O Carnaval e Suas Diversas Interpretações
A professora Ana Beatriz Dias, da Escola Politécnica da Pontifícia Universidade Católica do Paraná (PUC-PR), afirma que o carnaval no Brasil é uma experiência multifacetada. “Não existe só um carnaval. O nome deveria ser carnavais”, diz ela, ao abordar o significado e as peculiaridades desse feriado prolongado em entrevista à Agência Brasil. Ana Beatriz, que é especialista em comportamento humano, argumenta que a festa pode ser vivida de várias maneiras, refletindo a rica diversidade cultural do país.
A beleza dessa diversidade é notável: desde quem opta por ir ao Sambódromo, até aqueles que preferem um show de rock, cada um encontra seu próprio jeito de celebrar. No Nordeste, por exemplo, os tradicionais bonecos de Olinda marcam presença, enquanto no Pará a festa assume outras formas. No Rio Grande do Sul, a carreada representa o fechamento do ciclo de engorda do gado, uma preparação para as exportações antes da chegada do inverno. Essas diversas tradições, segundo Ana Beatriz, enriquecem ainda mais o significado do carnaval.
Desfilando pela História
A teóloga também destaca a importância histórica do ato de desfilar. O rito de se apresentar nas ruas com estandartes e faixas remonta a tempos antigos, simbolizando vitórias e alegrias coletivas, como a morte de inimigos ou a conquista de novos territórios. “No contexto católico, as procissões são momentos em que as pessoas levam imagens e crucifixos, muitas vezes acompanhados de música”, observa Ana Beatriz. Essa tradição de desfile, que permanece em muitas cidades, inspirou a formação de blocos, maracatus e outros grupos carnavalescos, que adotaram o modelo das antigas procissões.

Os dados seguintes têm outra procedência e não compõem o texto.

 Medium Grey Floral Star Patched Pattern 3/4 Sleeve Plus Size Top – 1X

Ela explica que o desfile contemporâneo, com seus instrumentistas e alegorias, é semelhante ao das procissões, onde cada agremiação defende um estandarte que pode representar um bairro, um time ou mesmo uma confraria. Com o passar do tempo, essa prática sofreu uma transformação, misturando elementos sagrados e profanos, conferindo aos corpos que dançam um papel de expressão e liberdade.

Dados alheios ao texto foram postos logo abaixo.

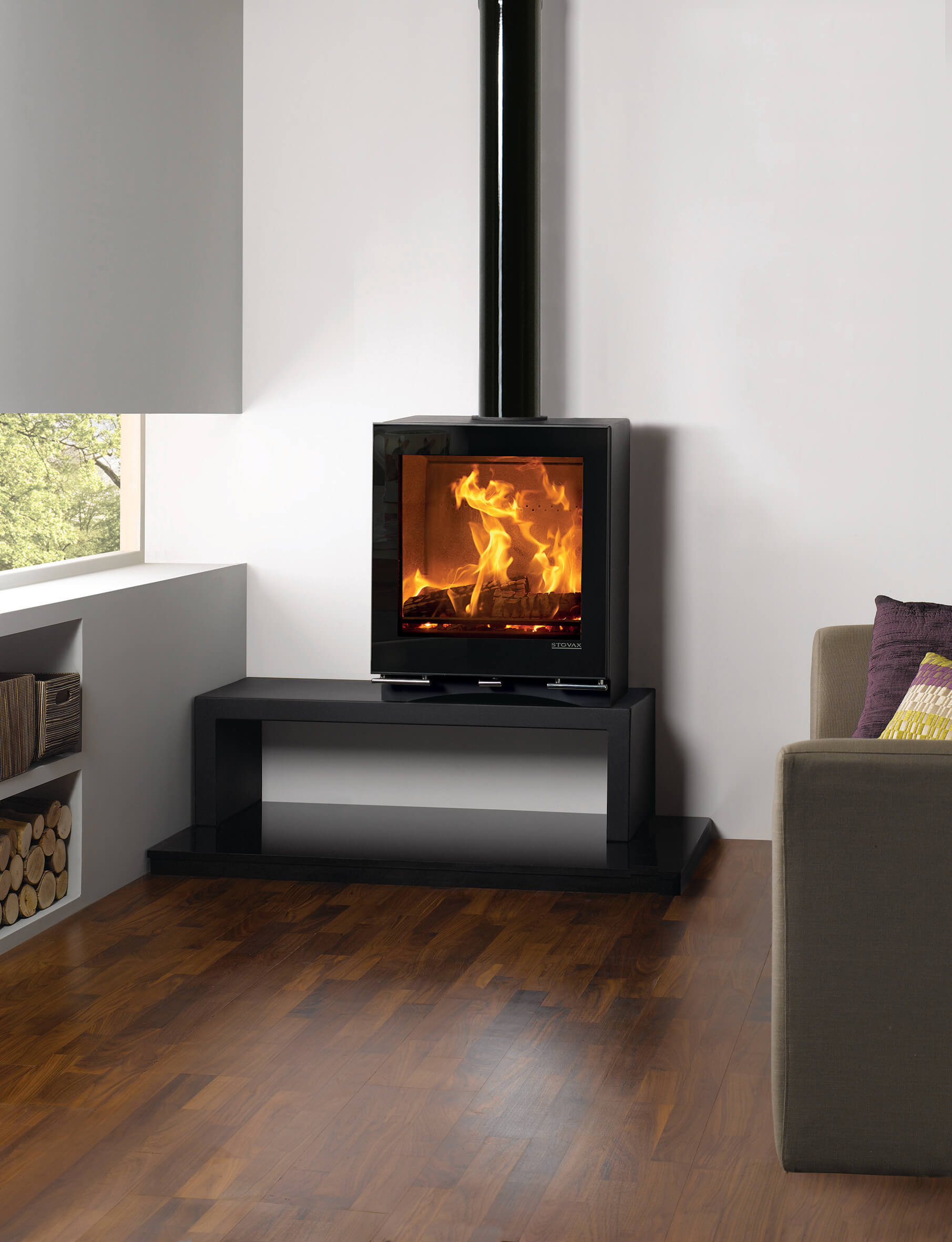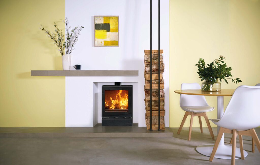 This wide-format Stovax Vision Medium Slimline wood burning and multi-fuel stove offers the stunning flame visuals of the more powerful Medium stove model whilst maintaining a 5kW heat output, thanks to its slim depth. This stylishly contemporary stove is available in either wood burning or multi-fuel versions to suit your lifestyle.

Carnaval e Espiritualidade: Uma Reflexão Pessoal
Para muitas pessoas, o carnaval é um momento de renovação e reflexão espiritual. Ana Beatriz comenta que, em nossa sociedade laica, a festa carrega significados diversos, especialmente entre os jovens, que veem no carnaval uma oportunidade de expressar a liberdade sexual. Para os católicos, por outro lado, ele é um período de purificação e de preparação para a Quaresma. “É o último momento para consumir carne antes do jejum, que sinaliza o início da reflexão sobre o sofrimento de Jesus até o Calvário”, enfatiza a teóloga.

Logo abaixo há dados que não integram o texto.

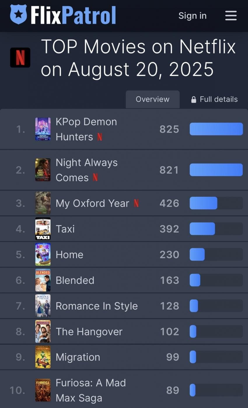 '케데헌' 영화는 넷플릭스에서 3일 만에 신작 영화 '나이트 올웨이즈 컴스(Night Always Comes)'를 제치고 다시 1위를 탈환했습니다.
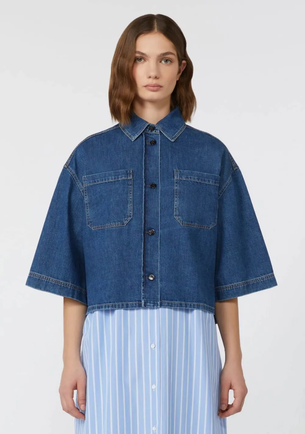 – ENZA cropped denim blouse is afgewerkt met borstzakken.
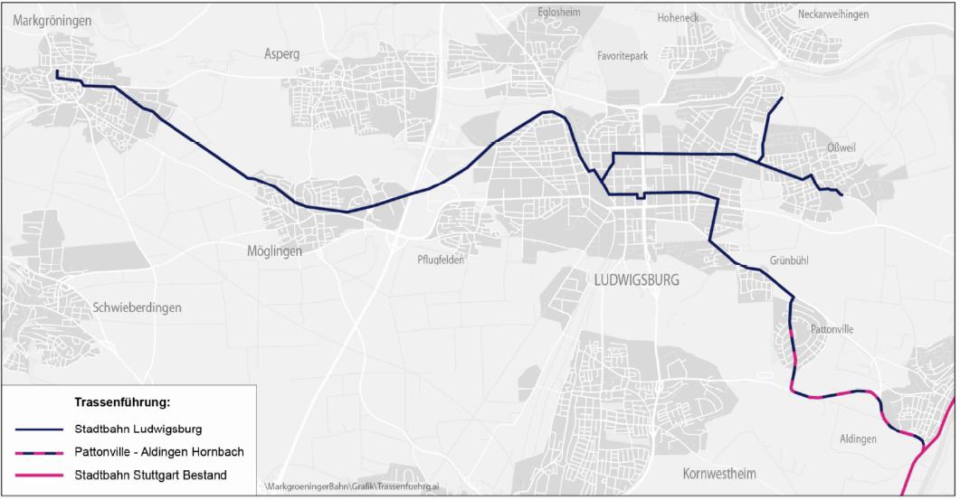 Un tram à plancher bas remplacera vraisemblablement le projet de BHNS, mais sa mise en œuvre sera certainement plus longue que le projet précédent. À noter que si les trams de Ludwigsburg et ceux de Stuttgart (SSB) ont des chances de se rejoindre un jour à Pattonville, le réseau de la capitale du Land est à plancher et quais hauts, donc incompatible avec le projet à plancher bas de la ville voisine.
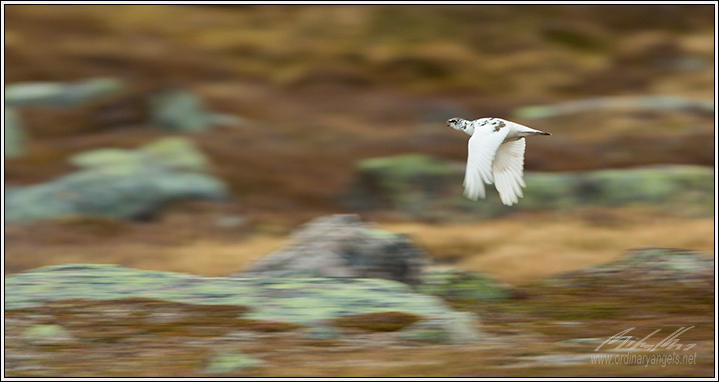 Mlčky usedáme do auta a pokračujeme v našem bezcílném toulání. Dlouhé hodiny projíždíme krajinou a vlastně nevíme, kde jsme. Ocitli jsme se na nějakých skalnatých hřebenech daleko od cesty. Široká údolí skrývají ještě širší jezera, která jsou temná jako opál. Nakonec se však nějaký cíl přeci jen objevuje. Bělokur horský! Nejdřív ovšem jen jako velmi nezřetelná výzva. Lovec v nás se tedy probouzel jen pozvolna. Vlastně jen já jsem šel za 300 metrů vzdáleným pánem místních hor, který seděl na kameni s dokonalým přehledem po celé krajině. Kluci čekali v autě a bez velkého zájmu sledovali mé možná marné počínání. Nejspíš si byli jisti nezdarem celé mé akce. Bělokura jsem naoko bez povšimnutí míjel, jako sob toulající se bezcílně krajinou. Za to on však ze mě nespouštěl oči ani na okamžik. Hlavu si mohl vykroutit, ale zatím pevně seděl. Když jsem se pak dostal až za něj, jeho sněhobílé tělo zmizelo za malým výčnělkem obrovitého kamene, na němž seděl. Ve stejný okamžik se šelmička ve mně už nadobro probudila. Vyrazil jsem na lov. Ani bělokur však nebyl žádný elév. Brzy jsem spatřil jeho hlavičku, která jako periskop vykukuje zpoza kamene. Celkem patová situace, říkám si v duchu. Náhoda mi však téměř okamžitě nabízí pomocnou ruku. Když už bělokur se mnou ztratil trpělivost a rozhodl se přelétnout na jiný kámen, odněkud se vynořil druhý kohoutek a hurá za ním. Honička začala. Ihned mi docvaklo, že právě teď je ten správný čas vydat se za oběma rivaly. Mají právě přeci jen jiné starosti. Nepozorován měním stanoviště. Vybírám si místo s parádním přehledem a brzy fotografuji oba rozvášněné bělostné rytíře. Na letovky je poměrně šero, ale přeci jen zkouším štěstí. Probíhá právě tok a může přijít mnoho zajímavého. Jakoby mě Vláďa slyšel, už to nevydržel a vydal se také na lov. Schoval se za kámen, kde kohoutek seděl prvně, zřejmě s nadějí, že se tam vrátí. Brzy se ale ukazuje, že jsem na lepším místě…
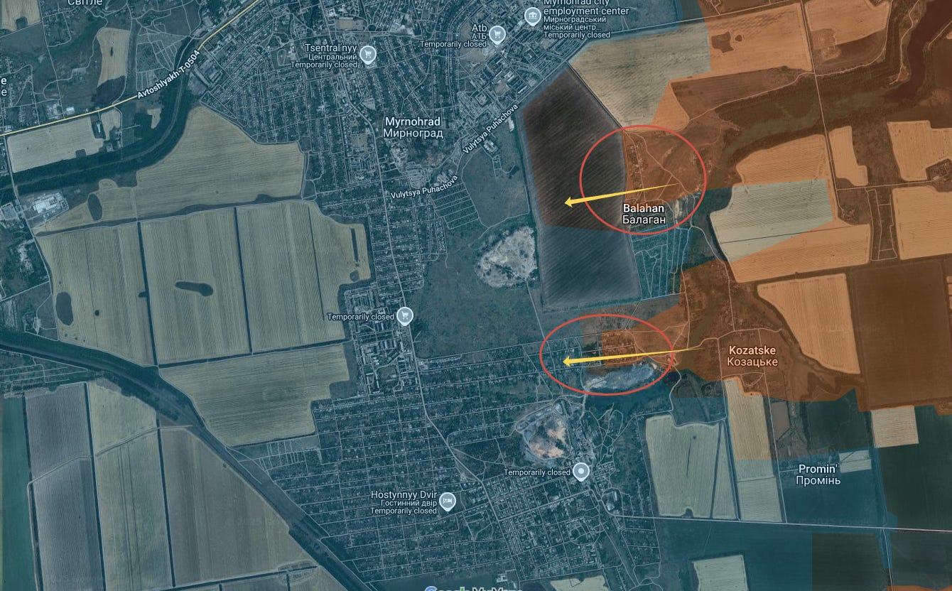 Еще одним наступлением по тому же направлению, но южнее, удалось по сути войти в окраины Мирнограда:
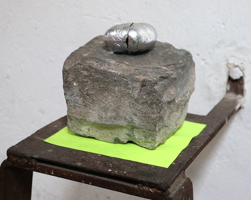 La calle es la principal referencia y centro de investigación artística de Edwards, quien se enfoca en la imagen en negativo de objetos encontrados en la ciudad. Su metodología de trabajo implica la recolección de materiales orgánicos y artificiales, que luego transforma en arte. “Recolecto materiales orgánicos y desechos industriales, los cuales uso como matrices para generar otros trabajos. Esta relación simbólica entre lo artificial y lo orgánico me interesa mucho”, explica. Sus obras a menudo presentan una paleta de colores inspirada en la señalética vial, utilizando tonos como el amarillo y el negro, lo que remite tanto al contexto urbano como al lenguaje de la abstracción.

Uma Celebração da Vida e dos Vínculos Sociais
Destacando a importância da socialização, Ana Beatriz argumenta que o carnaval fortalece os laços sociais. A possibilidade de se reunir e seguir tradições, ou até mesmo renunciar a certos hábitos, como o consumo de carne, intensifica as emoções e renova o senso de pertencimento a um grupo ou comunidade. “Isso pode ajudar a diminuir o sentimento de isolamento e aumentar a conexão entre as pessoas”, afirma.
A linguagem do carnaval, segundo a especialista, reflete a relação que o indivíduo tem com seu corpo e suas normas sociais. Seja desafiando as convenções ou adotando uma postura mais cuidadosa, o carnaval se transforma em um ritual de celebração e de reorganização social. “Esse é um periodo em que as pessoas podem escapar da realidade, canalizando suas tensões e expressando suas alegrias e desejos”, conclui Ana Beatriz.
Assim, o carnaval se revela não apenas como uma festa, mas como uma troca cultural rica em significados, onde cada vivência traz à tona questões profundas da sociedade, refletindo a saúde coletiva e o espírito humano.